Capitalism is at the center of the compounded oppression that Black women suffer. “[The system of capitalism] has meant an outrageous assault on every Black man, woman, and child who resides in the United States,” Frances Beale wrote in her piece, “Double Jeopardy: To be Black and Female.” (Guy-Sheftall & Frances Beale, 2011) Unfortunately and unsurprisingly, capitalist greed was also at the core of the incinerator project set to open up in Curtis Bay. Local government, local authority, and even Watford’s high school were in favor of opening the incinerator. However, after learning that the project was set to incinerate 4,000 pounds of trash every day, and was authorized to release 240 pounds of mercury and 1,000 pounds of lead annually, Watford knew this was unjust. But, despite the devastating damage that this waste would do to the local community, the project would have been profitable--so the government and local authorities were in favor of it.
The Black female experience is one that is delineated by the compounded oppressions that Black women face [as a result of capitalism]; it is undeniable that climate injustices also serve as a component of this oppression. The fact that Watford and her peers were successful in shutting down the incinerator project is a testament to the fact that the consciousness of Black women and their grassroots organization are integral parts of the climate justice movement.
Watford described the mentality of her community as one of apathy, with the passive acceptance of the way things are--a “dumping ground mentality.” This mindset is similarly described in Bell Hook’s “Ain’t I a Woman?” when Hooks describes the silence of the Black community to injustice. “[Our silence] was the silence of the oppressed--that profound silence engendered by resignation and acceptance of one’s lot.” (Hooks 1) Watford and her group “Free Your Voice,” however, have been responsible for increasing the consciousness of her community to the injustice and environmental abuse that they have suffered. Through harnessing this consciousness and her anger, Watford and her peers have been able to improve the quality of life in their community.

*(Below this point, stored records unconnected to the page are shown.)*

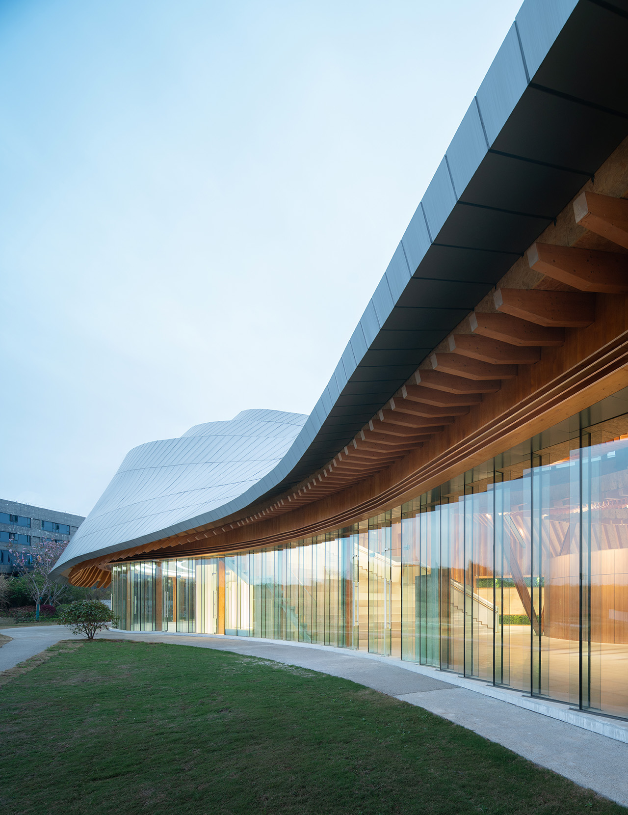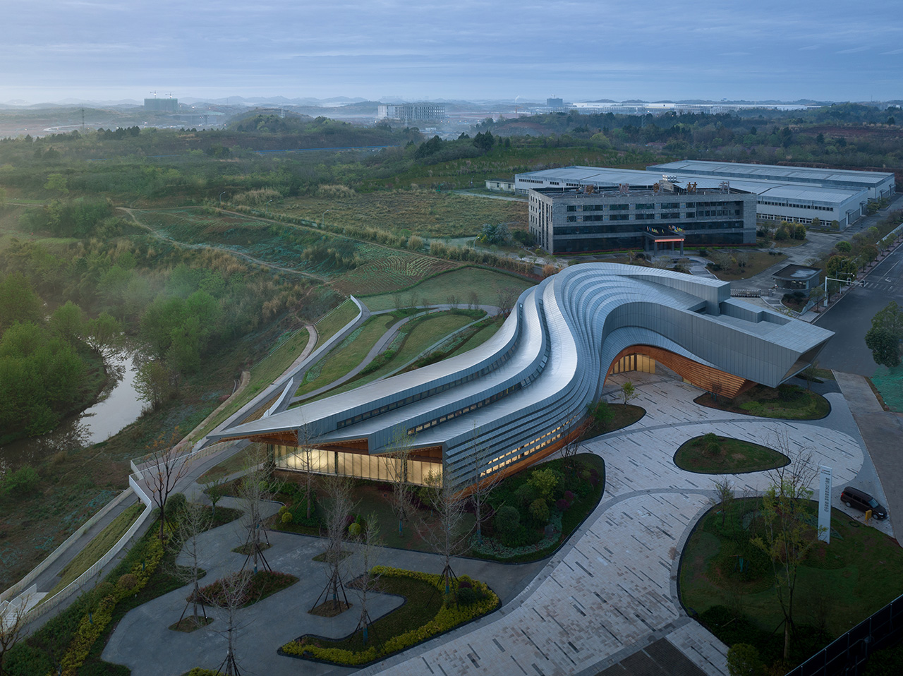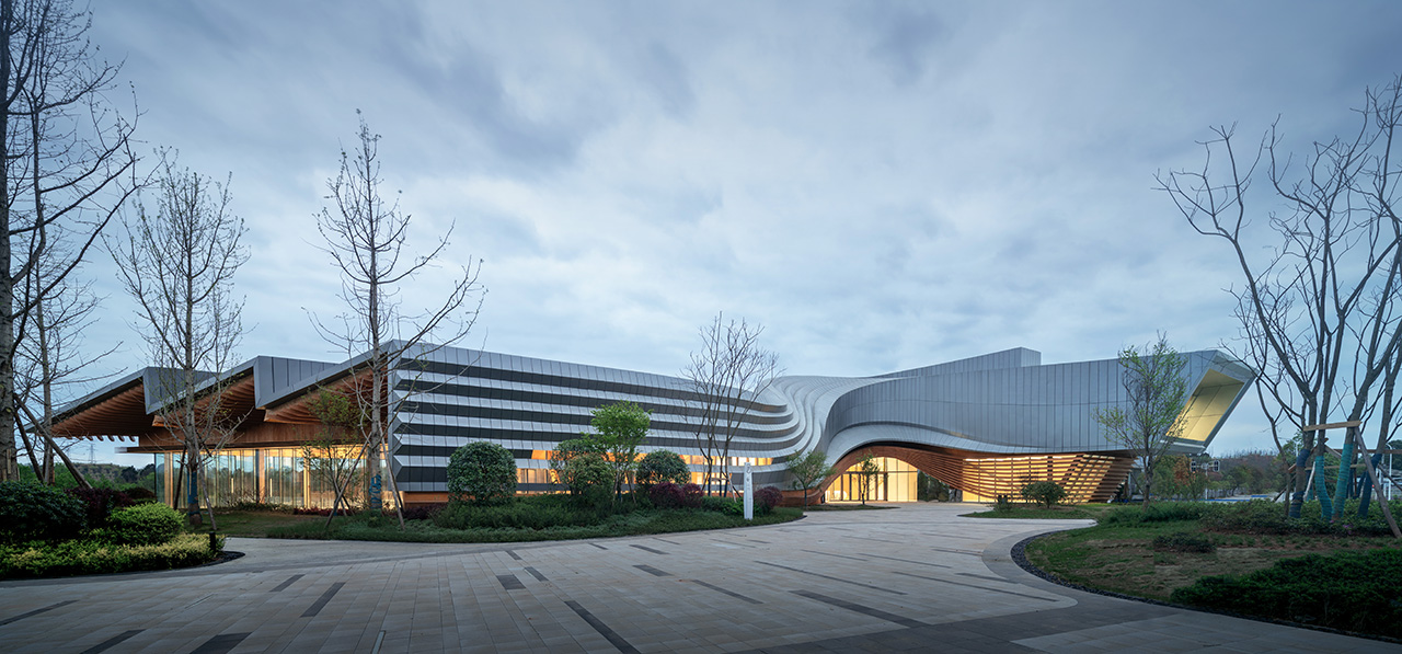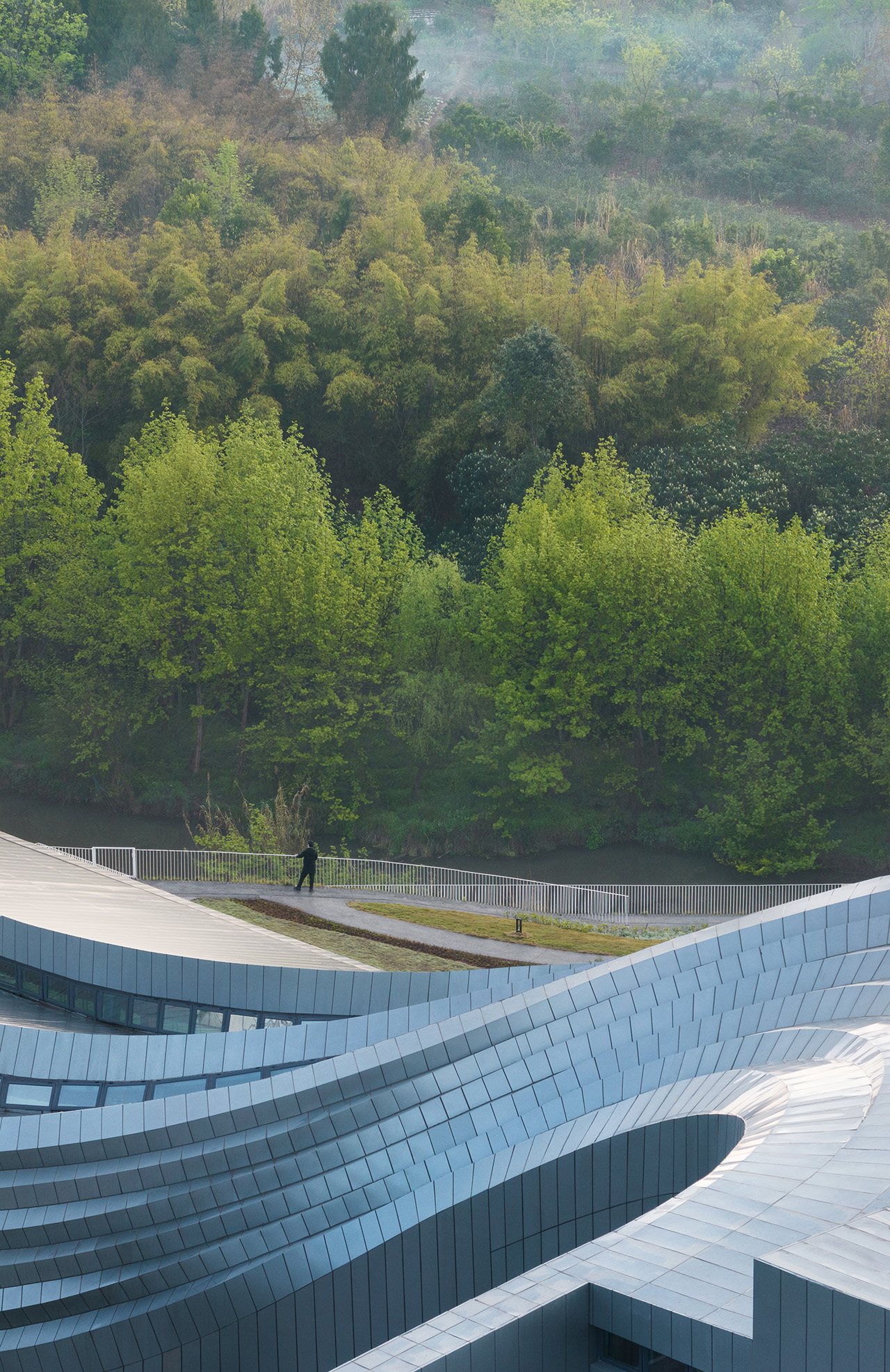 设计之初,焦点并未仅仅集中于建筑,我们以自然水流为灵感的一组灵动的线条,在快速城市道路和河水之间分割限定整个场域,前场、后场的景观在流动的空间里自然浮现,建筑的形体如同一处被凝固的水波涡旋,定义了被锚固于场地内的瞬间。
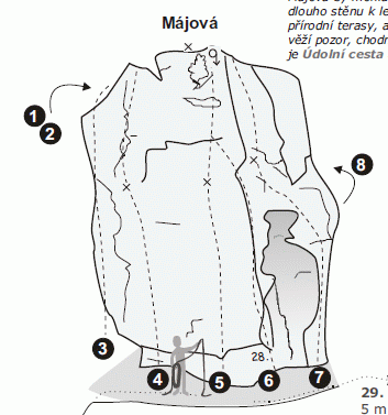 Bohrháky, kruhy a smyčky. Vklíněnce a friendy jsou zakázány. Lano stačí 60 m.
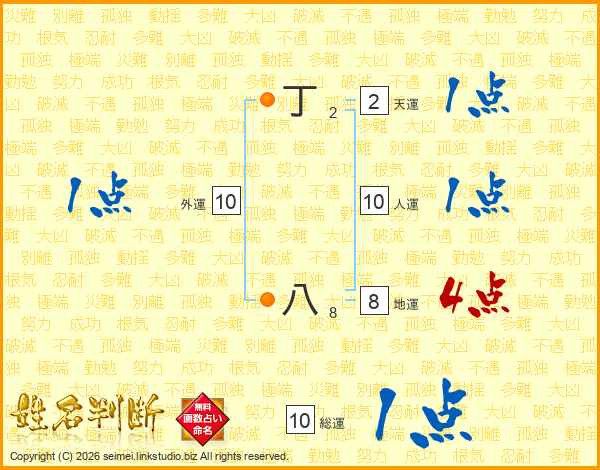 丁八さんの総運は10画の1点!
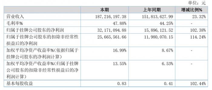 报告显示,去年公司实现营业收入1.87亿元,较上年同期增长23.32%;实现净利3217.11万元,同比增长102.38%,公司毛利率提升了3.63个百分点至47.88%。
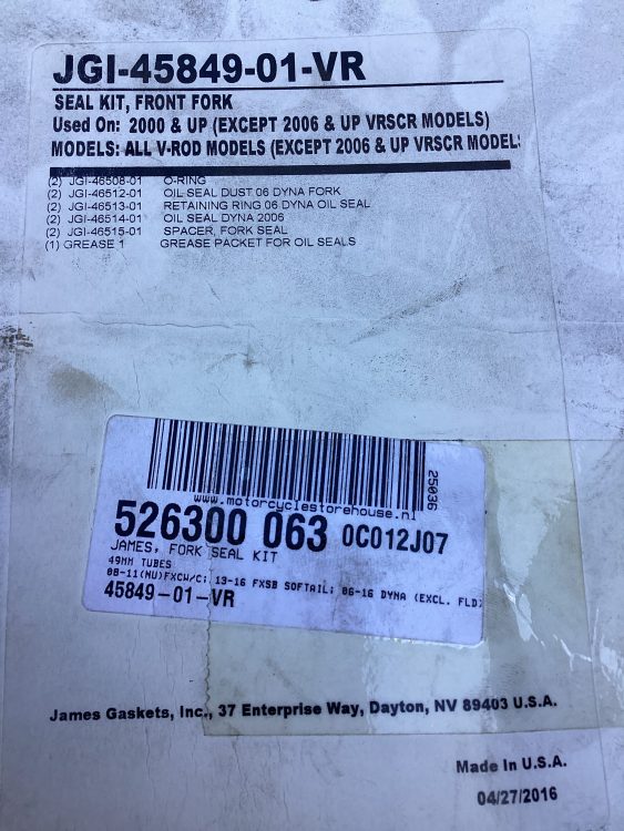 James fork seal rebuild kit. 49mm fork tubes 18-23 Softail (excl. upside down forks); 06-17 Dyna (excl. 2017 FXDLX; 12-16 FLD); 08-11 FXCW/C Rockers; 13-17 FXSB Breakout; 14-23 Touring; 14-23 Trikes; 16-22 1200X Forty Eight; 16-20 XL1200XS Forty Eight Special
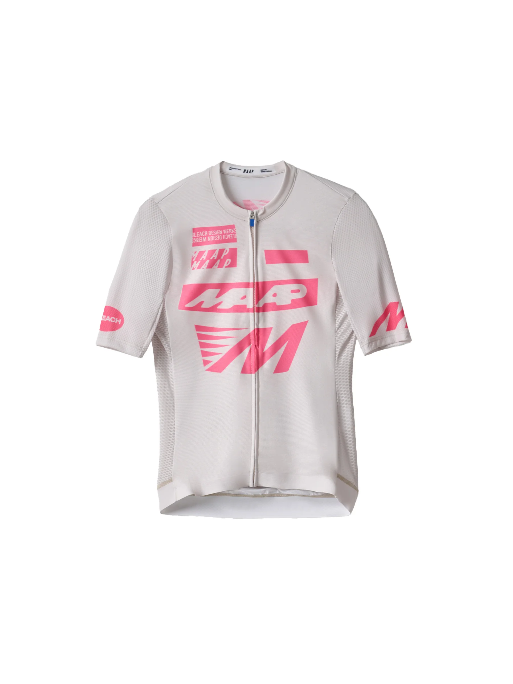 The MAAP x Bleach Women’s Pro Air Jersey blends Mike Ojeda's distinctive design ethos with his love of cycling. The lightweight, performance-driven jersey combines moisture-wicking technology with breathable fabrics. Engineered for maximum airflow and optimised cooling for uncompromised performance. Details - Recycled Yarns - Moisture Wicking - Lightweight Features - The high-performance silhouette of our Race Fit features a longer sleeve length, low-profile collar and tailored panelling for speed and precision. - Optimal airflow in warmer conditions with micro-perforated fabrics engineered with majority recycled yarns. - Advanced strength and enhanced comfort combine with the carbon yarn warp-knit sleeve. - No bulk and an elevated fit from the bonded front hem construction. - Keeping the jersey securely in place is an elasticated rear hem with an internal silicone logo print. Specifications - Product Weight: 150 g - Main Fabric Content: 90% Recycled Polyester, 10% Elastane - Fit: Race - Temperature Range: 20 - 40 DEGREES - Riding Conditions: Hot - SKU: MPWJE220424_WTCR
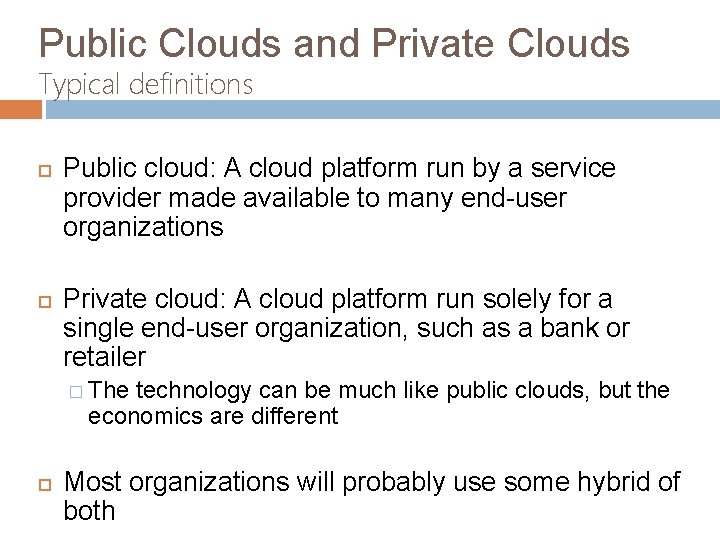 Public Clouds and Private Clouds Typical definitions Public cloud: A cloud platform run by a service provider made available to many end-user organizations Private cloud: A cloud platform run solely for a single end-user organization, such as a bank or retailer � The technology can be much like public clouds, but the economics are different Most organizations will probably use some hybrid of both
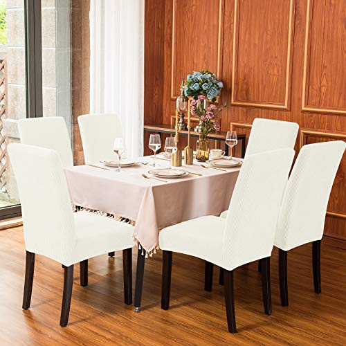 Subrtex- Coprisedia elasticizzati in spandex, per sala da pranzo, lavabile in lavatrice, con schienale alto rimovibile., Tessuto, bianco, 2 pezzi
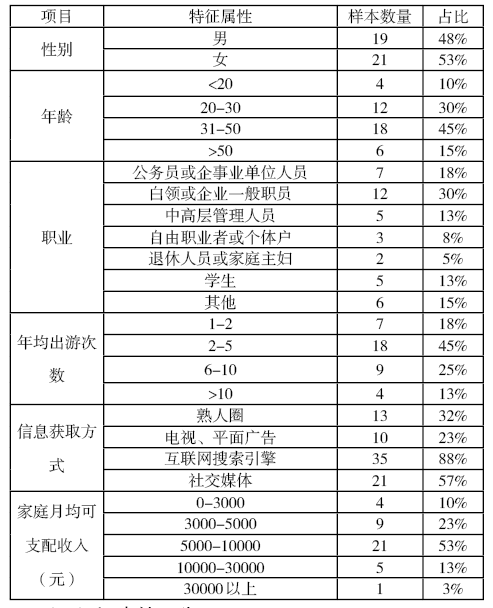 通過深度訪談形成基本的測試樣本,受訪者中,企事業(yè)單位職工和白領(lǐng)占48%;年均出游次數(shù)以2-5次居多,占45%;習(xí)慣利用互聯(lián)網(wǎng)搜索、社交媒體獲取信息。基本屬性見下表。
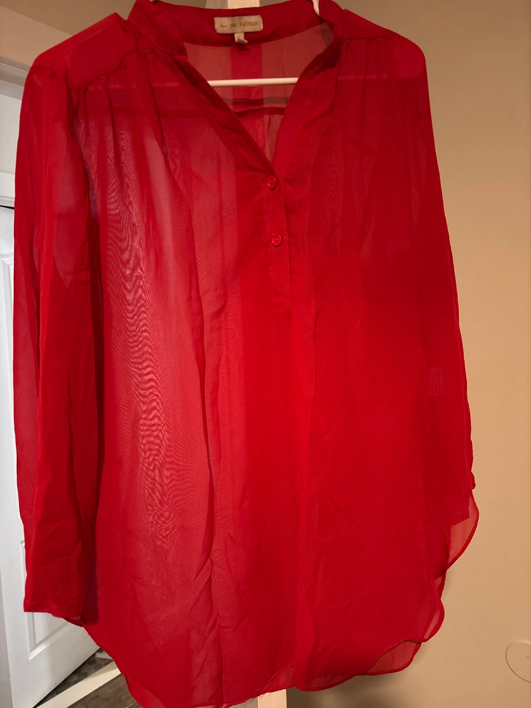 Women's red sheer blouse. Three-quarter sleeves. Button-up front. Lightweight material.

“What brought me in was the anger,” Watford stated when describing her realization of her community’s environmental abuse. This anger--as described by Audre Lorde in Sister Outsider and as experienced and used by Watford--was at the root of the progress that has taken place in Curtis Bay. (Lorde 124) Black women’s consciousness, their use of anger, and their implementation of grassroots organization is responsible for many strides towards environmental justice -- Destiny Watford is just one of the many examples that can serve as an inspiration for Black feminists and environmentalists to come.